Stored dataset items
....
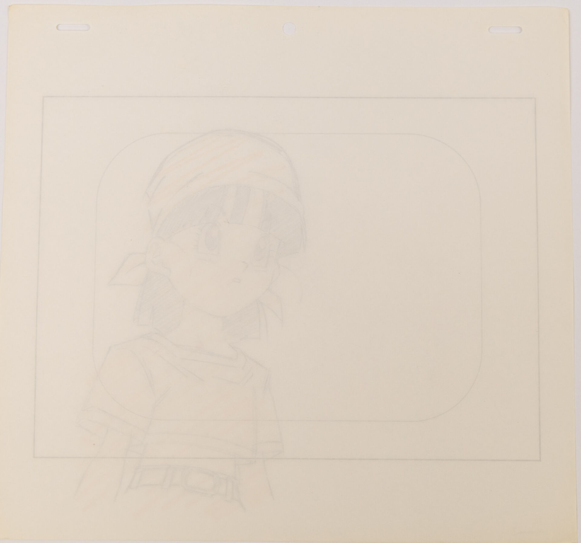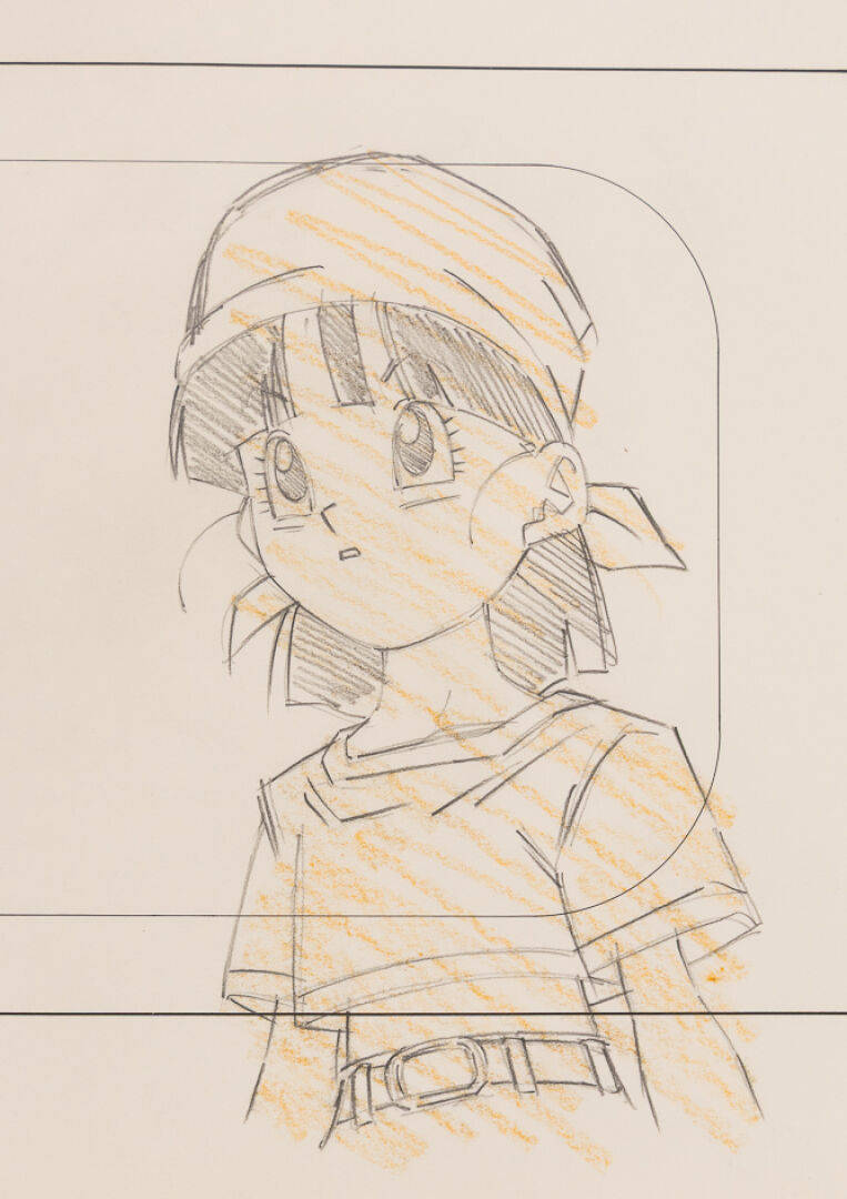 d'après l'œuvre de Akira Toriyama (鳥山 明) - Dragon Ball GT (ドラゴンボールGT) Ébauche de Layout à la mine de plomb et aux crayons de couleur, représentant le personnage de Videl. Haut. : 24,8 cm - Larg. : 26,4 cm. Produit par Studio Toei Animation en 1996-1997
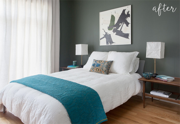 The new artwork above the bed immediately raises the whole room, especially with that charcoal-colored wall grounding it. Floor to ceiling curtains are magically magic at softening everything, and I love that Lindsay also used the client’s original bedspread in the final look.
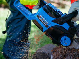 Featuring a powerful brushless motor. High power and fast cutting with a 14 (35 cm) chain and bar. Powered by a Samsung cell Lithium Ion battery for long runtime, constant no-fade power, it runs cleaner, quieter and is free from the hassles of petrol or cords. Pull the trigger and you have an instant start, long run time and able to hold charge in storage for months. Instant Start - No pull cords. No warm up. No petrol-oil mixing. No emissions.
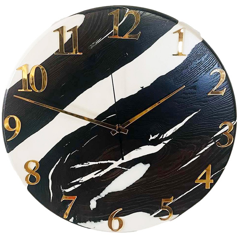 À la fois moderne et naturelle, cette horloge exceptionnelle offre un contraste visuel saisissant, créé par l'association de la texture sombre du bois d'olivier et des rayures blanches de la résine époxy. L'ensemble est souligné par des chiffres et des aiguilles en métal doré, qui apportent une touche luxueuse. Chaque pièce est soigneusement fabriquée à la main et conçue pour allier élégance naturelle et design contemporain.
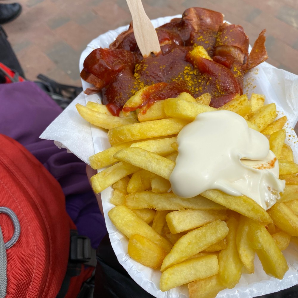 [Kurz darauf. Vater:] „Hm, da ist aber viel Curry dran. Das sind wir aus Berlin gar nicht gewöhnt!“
....
What needs to be done >> All of the data above should be printed again exactly, though none of the pictures belong in the copy.

The completed task >>
 d'après l'œuvre de Akira Toriyama (鳥山 明) - Dragon Ball GT (ドラゴンボールGT) Ébauche de Layout à la mine de plomb et aux crayons de couleur, représentant le personnage de Videl. Haut. : 24,8 cm - Larg. : 26,4 cm. Produit par Studio Toei Animation en 1996-1997
 The new artwork above the bed immediately raises the whole room, especially with that charcoal-colored wall grounding it. Floor to ceiling curtains are magically magic at softening everything, and I love that Lindsay also used the client’s original bedspread in the final look.
 Featuring a powerful brushless motor. High power and fast cutting with a 14 (35 cm) chain and bar. Powered by a Samsung cell Lithium Ion battery for long runtime, constant no-fade power, it runs cleaner, quieter and is free from the hassles of petrol or cords. Pull the trigger and you have an instant start, long run time and able to hold charge in storage for months. Instant Start - No pull cords. No warm up. No petrol-oil mixing. No emissions.
 À la fois moderne et naturelle, cette horloge exceptionnelle offre un contraste visuel saisissant, créé par l'association de la texture sombre du bois d'olivier et des rayures blanches de la résine époxy. L'ensemble est souligné par des chiffres et des aiguilles en métal doré, qui apportent une touche luxueuse. Chaque pièce est soigneusement fabriquée à la main et conçue pour allier élégance naturelle et design contemporain.
 [Kurz darauf. Vater:] „Hm, da ist aber viel Curry dran. Das sind wir aus Berlin gar nicht gewöhnt!“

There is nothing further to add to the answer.